There are cases, though, that may involve some medical detective work.
Therefore, it is extremely important to provide the doctor with a detailed
medical history. Things that should be discussed include:
Past or present major illnesses
All prescription and non-prescription drugs currently being taken
Family/relationship problems, such as sexual problems
Any major life events or changes that have occurred
A family history also may help the doctor to pinpoint a genetic basis
for the problem. The doctor can use these clues to identify the correct
diagnosis.
Physical examination. During the physical examination, the doctor
will look at:
The amount and distribution of body hair
Presence and degree of breast enlargement
Size and consistency of the testes
Abnormalities in the scrotum
Size of the penis
Measuring hormone levels. Testosterone levels vary from hour to
hour, so the time at which blood is drawn for testing can affect the results.

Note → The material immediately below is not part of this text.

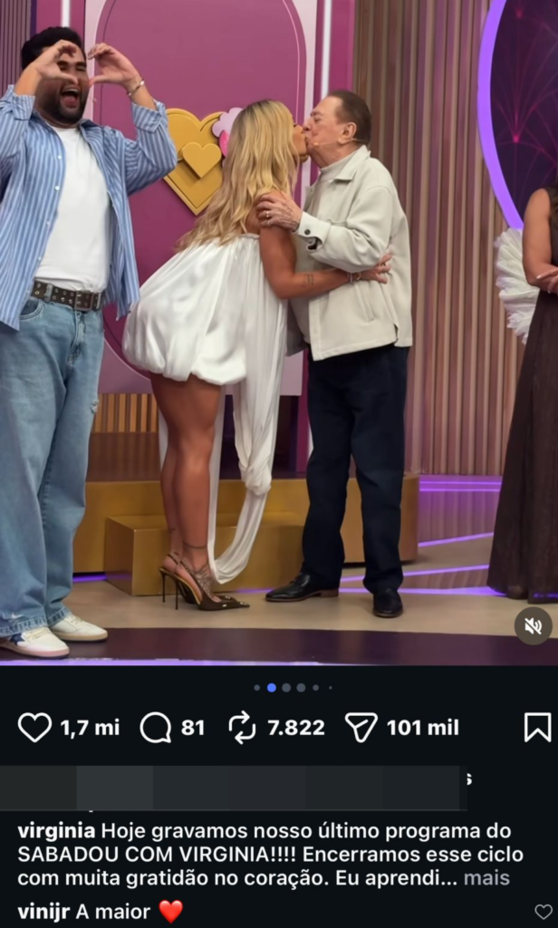“Hoje gravamos nosso último programa do SABADOU COM VIRGINIA!!!! Encerramos esse ciclo com muita gratidão no coração. Eu aprendi, evolui, sorri, conheci pessoas maravilhosas e sou eternamente grata ao SBT por ter realizado meu sonho de me tornar apresentadora!!! Obrigada a @danielabravanelbeyruti e toda diretoria por terem acreditado em mim, obrigada @lucasguedez @margareth_serrao por estarem ao meu lado em todos momentos, obrigada @joao_mesquita por ser o melhor diretor sempre, obrigada equipe do SABADOU, obrigada a toda audiência, obrigada obrigada obrigada a todos!!!! Já estou com saudade 🥲 isso não é um ADEUS, quem sabe um até logo 🤍 hoje foi mágico!!! Vivi muitas emoções no SABADOU e vou levar pra sempre no meu coração❤️🔥

However, the generally acceptable range of values is 300 to 1,200 nanograms
per deciliter (ng/dl). Generally, the highest testosterone levels occur
in the early morning hours; therefore, doctors will often measure testosterone
levels at this time.
Testosterone circulates in the blood in three forms:
About 30 percent of testosterone is bound tightly to a protein called
sex hormone binding globulin (SHBG)
About 68 percent is weakly bound to another protein called albumin
About 2 percent circulates freely in the bloodstream
Determination of low testosterone may require more than one blood test.

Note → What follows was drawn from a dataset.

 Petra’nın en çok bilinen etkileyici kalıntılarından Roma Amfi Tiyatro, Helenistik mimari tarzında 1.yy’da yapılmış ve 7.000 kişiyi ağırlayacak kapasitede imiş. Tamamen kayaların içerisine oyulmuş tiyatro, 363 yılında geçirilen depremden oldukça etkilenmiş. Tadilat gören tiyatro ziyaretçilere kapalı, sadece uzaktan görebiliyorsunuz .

A normal total testosterone reading may not necessarily indicate that
a man has normal levels of free testosterone. For example, some men with
increased levels of SHBG and low blood levels of free testosterone may
have normal levels of total testosterone. Therefore, labs often measure
the total testosterone levels and its components.

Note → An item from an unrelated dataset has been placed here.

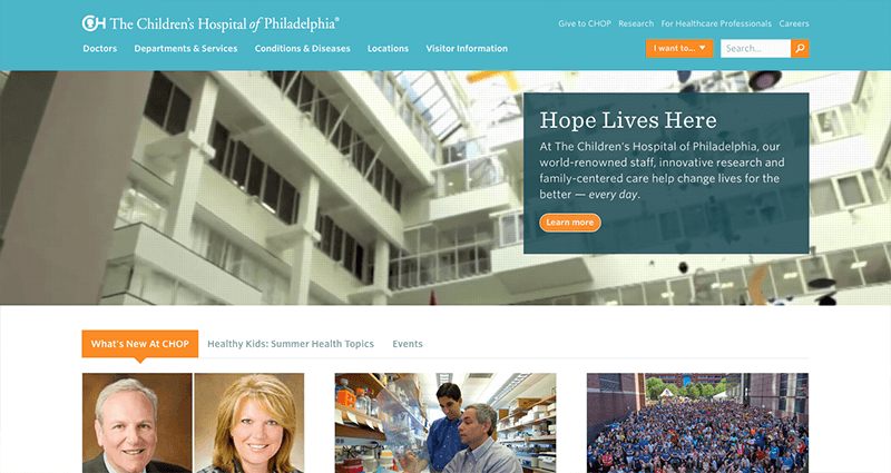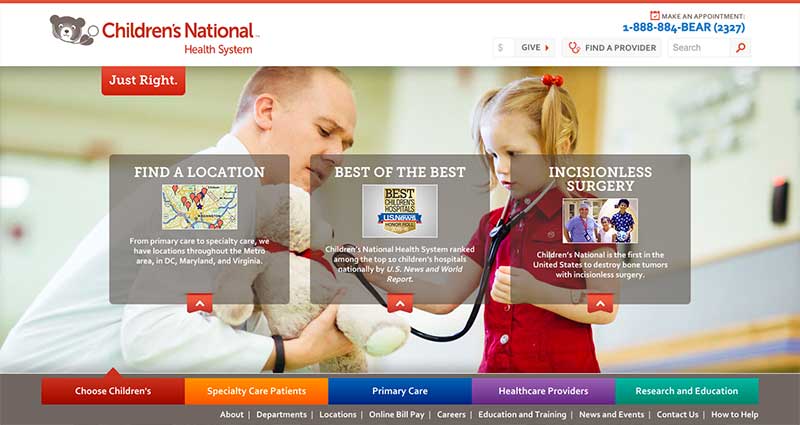 Children’s National Health System uses bright colors on its homepage, which aligns with the fact that it is a pediatrics website. It calls out it’s phone number in the header along with a “find a provider” quick link so that visitors can easily access this information. Also on the homepage is a search for conditions and treatments, which is a useful feature for visitors. The tabs at the bottom provide easy access points to the various sections of the website.

Other tests. Because low testosterone levels may affect bone mass,
the doctor may want to assess any bone loss with bone density testing.
Genetic testing can confirm the presence of an inherited condition.
If tests cause the doctor to suspect a problem within the pituitary gland,
he/she may want to examine the gland to see if a tumor is present. Two
examination procedures are most common, and neither penetrates the skin.
A computed tomography, or CT, is a computer-assisted X-ray process. Magnetic
resonance imaging, or MRI, uses a combination of radio waves, high intensity
magnetic fields and computer technology to produce images of the body's
interior.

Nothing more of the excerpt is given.